Carrusca Mar & Sol

In a place where any journey anywhere is going to take some time, it makes some sense that weekend trips to the coast, to Nacala or Ilha, are seen as simple excursions just out of town. And driving for just over 2 hours, mostly on a relatively smooth tar road is nothing compared to the hours of total relaxation one earns, being in the middle of nowhere.

And this is my excuse for going away on another weekend break, this time to Chocos Mar, found along the road to Ilha. The turn off to Chocos takes us off the tar and onto a sandy and rain rutted road, fun for the driver, not so much fun for the passengers who get the most bounce out of each ditch and donga.

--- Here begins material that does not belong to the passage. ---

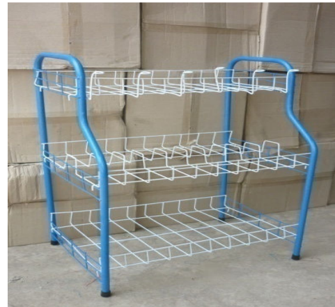
Fig. 2 Kitchen utensils rack

When using the basic mathematical model in the improved methodology, we first have to assure that the product to be developed matches the conditions that are required; i.e. meeting all the assumptions. Particularly, in complying with the necessity that the engineering characteristics should be uncorrelated, product with relatively simple design is considered appropriate. The correlations among engineering characteristics are hard to be avoided in complicated design. In this paper, the simple kitchen utensils rack was chosen to be developed (see Fig. 2).

It’s worth it though – Chocos is one of my favourite spots here in Nampula Province. It is the quintessential Mozambican stretch of coast with nothing but long thin palm trees slightly bent, water patchworked in turquoise, aquamarine and denim blues, a beach with sand so bright it blinds and clusters of mangroves that the tides fill and empty of water throughout the day.

The actual town of Chocos Mar has its own strange atmosphere. Here, there are small flat roofed holiday houses that on a whole seem to have been out of use for some time. This was after all the Hermanus or Plettenberg Bay of the Mozambican Portuguese before they lost their rule. Now signs of revival show with some of the cottages showing off new coats of paint but the dirt streets, laid out in a 2X3 grid along the coast line, are still deserted, some buildings stand incomplete and empty. It’s the quiet that is so strange – no holiday making sounds, no cars, no people sitting in bars. But no doubt there will be a day of revival, it has started already, these things just take time out here in Mozambique.

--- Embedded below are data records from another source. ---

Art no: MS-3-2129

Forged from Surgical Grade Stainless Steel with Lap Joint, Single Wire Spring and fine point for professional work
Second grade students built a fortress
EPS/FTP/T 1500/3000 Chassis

We head through the town and on to Carrusca, a new development with 5 cottages and a bar/restaurant. The cottages are self contained in that they have their own bathrooms, a dining area, a bedroom and upstairs mezzanine with beds and kitchen. But the kitchen contains no fridge and no cooker – and if we want coffee in the morning we must a) bring our own and b) request a flask of hot water from the restaurant. The kitchen then is a unnecessary extra, having no real use at all. Same would go for the dining area as with no way of cooking any food, what would one eat at the table. 

But, the verandah comes with deck chairs, a hammock and the most spectacular sunsets over Ilha de Mocambique that we forget all our complaints. Besides, we travelled with others who were staying in the family cottage, the one that has the fridge, so the beers at least were cold.

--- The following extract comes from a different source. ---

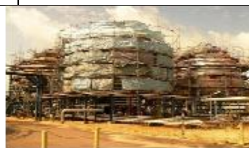
TITAN - TK5110A,B,C,D&E Cold Insulation Cladding Replace Work (2012)

And what is there to do at Carrusca? Nothing, some reading, long swims in the sea (almost like a rather large private swimming pool), beer drinking and talking and dinner at the restaurant. And we did just that!

There is a warning that should come with places like these – it will make you lazy, you will never want to do anything in a hurry again, that is, if you ever get it together to get up and actually leave.

Unfortunately we did manage to leave, only after a couple hour wait for a plate of chips, so we almost didn’t make it out. Fortunately we can always go back!